Before Caroline could respond, the doorbell rang. It played a stanza of I just met a girl named Maria . . .
Ruby made a mental note to change the damned bell. Max had thought it was funny; Ruby disagreed. “I gotta run, Caroline. There’s someone here to see me. With my luck, it’s probably the landlord, looking for my rent check.”
“Take care of yourself.”
“You, too. And kiss my niece and nephew for me.” She hung up, then decided not to answer the door anyway. It probably was the landlord.
She went into the kitchen. Flipping through the mostly empty cabinets, she found a half-full fifth of gin and a bottle of vermouth, both of which Max had obviously forgotten. She made herself a martini in a Rubbermaid container, then poured the drink into a plastic tumbler.
By the third repeat of “Maria,” she gave up. Taking a quick sip of the martini, she padded across the shag carpeting and peered through the peephole.
It was Val, standing beside a woman so thin she looked like a windshield wiper.
“Oh, perfect.”
She wrenched the door open. Val grinned at her. He looked acutely out of place in the dim, ugly corridor.
Val leaned forward and kissed Ruby’s cheek. “How’s my newest star?”
“Fuck you,” she whispered, smiling brightly at the strange woman. “I never saw it coming.”
Val drew back, frowning. “I tried to call you. I even sent a messenger over. You didn’t answer the door.”
Ruby would have said more, but the way the lady was watching them made her uncomfortable. She turned to her, noticing the woman’s severe haircut and expensive black dress. An unlit cigarette dangled from her bony fingers.
New Yorker. Definitely. Maybe a mortician.
“I’m Ruby Bridge,” she said, extending her hand.
The woman shook her hand. Firm grip. Clammy skin. “Joan Pinon.”
“Come on in.” Ruby backed away from the door, made a sweeping gesture with her hand. She tried not to see the apartment through their eyes, but it was impossible. Tacky furniture, dusty shag carpeting, garage-sale decor.
Val went right to Max’s old velour Barcalounger and sat down. Joan perched birdlike on the end of the sofa.
Ruby flopped down on the sofa’s other cushion. She took a sip of her drink. A big gulp, actually. “I know it’s early for drinks, but it’s not every day you see nude pictures of your mother and lose your career. I’ll probably get hit by a bus later today.”
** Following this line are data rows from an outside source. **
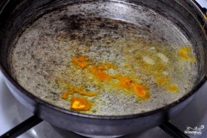 Then, in another skillet, lightly fry the curry in oil.
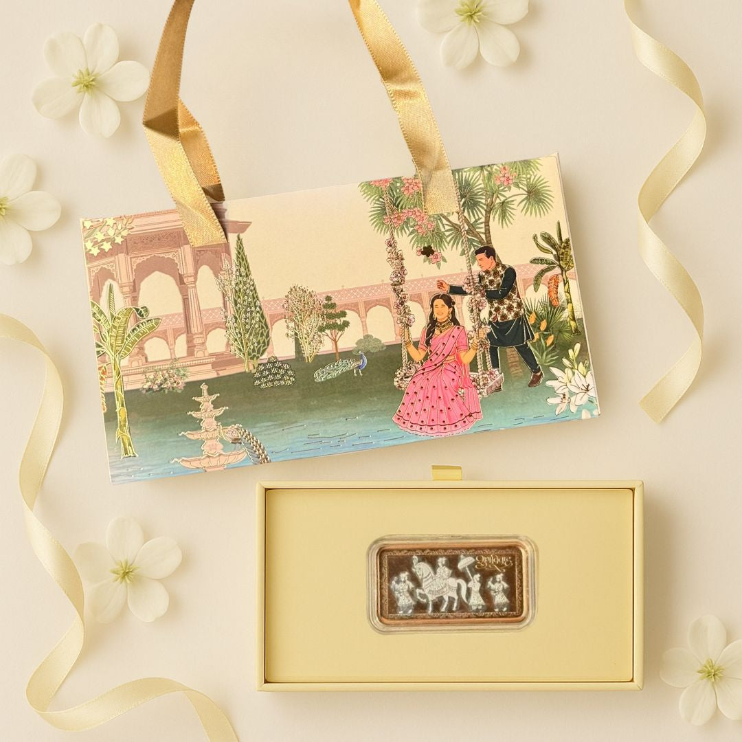 Introducing the Shubh Vivah Baraati Design 20 gm Silver Coin Box Set. This beautifully designed set features a handcrafted Baraati-style silver coin, showcasing the joyful moment where a groom lovingly swings his bride, symbolising happiness, companionship, and everlasting love. Packed in an elegant gift box, this silver coin is not just a present — it is a cherished memory preserved in pure silver.
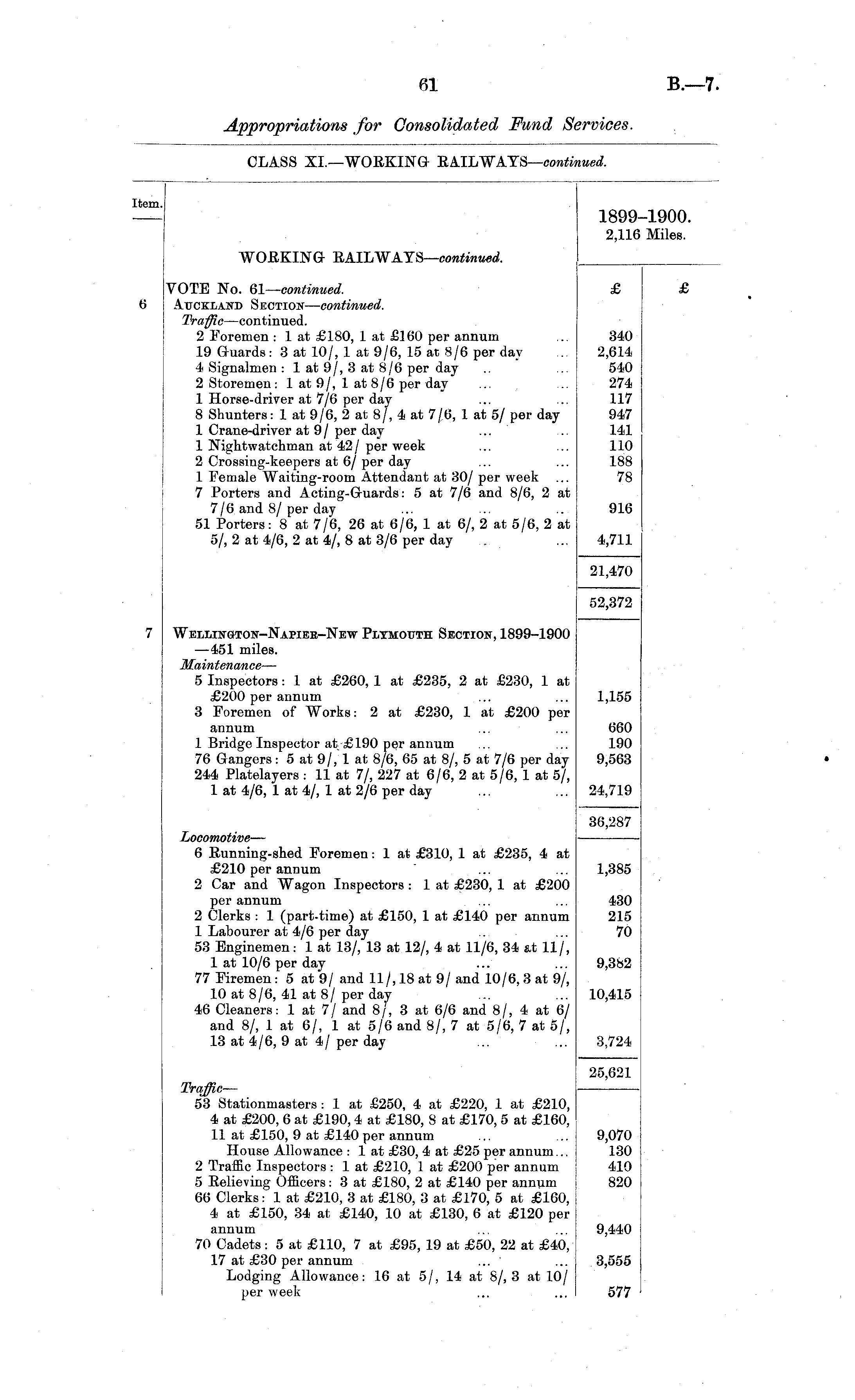 Item. 1899-1900 2,116 Miles. WOBKING EAILWAYS— continued. 6 VOTE No. 61— continued. Auckland Section — continued. Traffic —continued. 2 Foremen : 1 at £180, 1 at £160 per annum 19 Guards: 3 at 10/, 1 at 9/6, 15 at 8/6 per day 4 Signalmen : 1 at 9/, 3 at 8/6 per day 2 Storemen: 1 at 9/, 1 at 8/6 per day 1 Horse-driver at 7/6 per day 8 Shunters: 1 at 9/6, 2 at 8/, 4 at 7/6, 1 at 5/ per day 1 Crane-driver at 9 / per day 1 Nightwatchman at 42/ per week 2 Crossing-keepers at 6/ per day 1 Female Waiting-room Attendant at 30/ per week 7 Porters and Acting-Guards: 5 at 7/6 and 8/6, 2 at 7/6 and 8/per day 51 Porters: 8 at 7/6, 26 at 6/6, 1 at 6/, 2 at 5/6, 2 at 5/, 2 at 4/6, 2 at 4/, 8 at 3/6 per day £ 340 2,614 540 274 117 947 141 110 188 78 916 4,711 21,470 Wellington-Napier-New Plymouth Section, 1899-1900 —451 miles. Maintenance — 5 Inspectors: 1 at £260, 1 at £235, 2 at £230, 1 at £200 per annum 3 Foremen of Works: 2 at £230, 1 at £200 per 52,372 1,155 annum 1 Bridge Inspector at £190 per annum 76 Gangers: 5 at 9/, 1 at 8/6, 65 at 8/, 5 at 7/6 per day 244 Platelayers : 11 at 7/, 227 at 6/6, 2 at 5/6, 1 at 5/, 1 at 4/6, 1 at 4/, 1 at 2/6 per day 660 190 9,563 24,719 Locomotive — 6 Eunning-shed Foremen: 1 at £310, 1 at £235, 4 at £210 per annum 2 Car and Wagon Inspectors : 1 at £230, 1 at £200 36,287 1,385 per annum ... 2 Clerks : 1 (part-time) at £150, 1 at £140 per annum 1 Labourer at 4/6 per day 53 Enginemen: 1 at 13/, 13 at 12/, 4 at 11/6, 34 at 11/, 1 at 10/6 per day 77 Firemen: 5 at 9/ and 11/, 18 at 9/ and 10/6, 3 at 9/, 10 at 8/6, 41 at 8/per day 46 Cleaners: 1 at 7/ and 8/, 3 at 6/6 and 8/, 4 at 6/ and 8/, 1 at 6/, 1 at 5/6 and 8/, 7 at 5/6, 7 at 5/, 13 at 4/6, 9 at 4/per day 430 215 70 9,382 10,415 3,724 Traffic— 53 Stationmasters : 1 at £250, 4 at £220, 1 at £210, 4 at £200, 6 at £190, 4 at £180, 8 at £170, 5 at £160, 11 at £150, 9 at £140 per annum House Allowance : 1 at £30, 4 at £25 per annum... 2 Traffic Inspectors: 1 at £210, 1 at £200 per annum 5 Believing Officers: 3 at £180, 2 at £140 per annum 66 Clerks: 1 at £210, 3 at £180, 3 at £170, 5 at £160, 4 at £150, 34 at £140, 10 at £130, 6 at £120 per 25,621 9,070 130 410 820 annum 70 Cadets: 5 at £110, 7 at £95, 19 at £50, 22 at £40, 17 at £30 per annum ... Lodging Allowance: 16 at 5/, 14 at 8/, 3 at 10/ per week 9,440 3,555 577
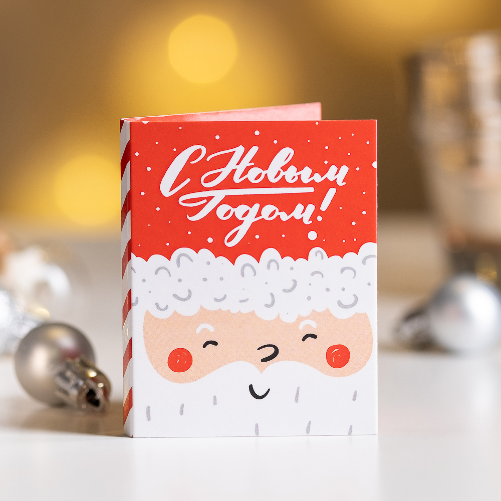 Мини-открытка "С новым годом (дед мороз, красный)"

Val leaned forward. “Joan is an editor from New York.”
“Really?”
“She’s here because of your mother.”
Ruby took a long, stinging swallow. “Of course she is.” She wished she had an olive to nibble on; she needed something to do with her hands. She turned to Joan. “What do you want?”
“I work for Caché magazine. We’d like you to write an exposé on your mother.” Joan smiled, showing a mouthful of smoker’s teeth. “We could hire a ghostwriter if you’d like, but Val tells me you’re a first-rate writer.”
A compliment. That felt good. Ruby settled back in her seat, eyeing Joan. “You want a daughter’s betrayal.”
“Who betrayed whom?” Joan said. “Your mother has been telling America to honor commitments and put their children first. These photographs prove that she’s a liar and a hypocrite, plain and simple.
We checked the records. Nora was married to your father when those pictures were taken.
People have a right to know who they’re taking advice from. ”
“Ah, the people’s right,” Ruby said, taking another sip of her martini.
“It’s just an article, Ruby, not a book. No more than fifteen thousand words, and . . .” Val said, “it could make you famous.”
“Rich and famous,” Joan added.
Now that got Ruby’s attention. She set the glass down and looked at Joan. “How rich?”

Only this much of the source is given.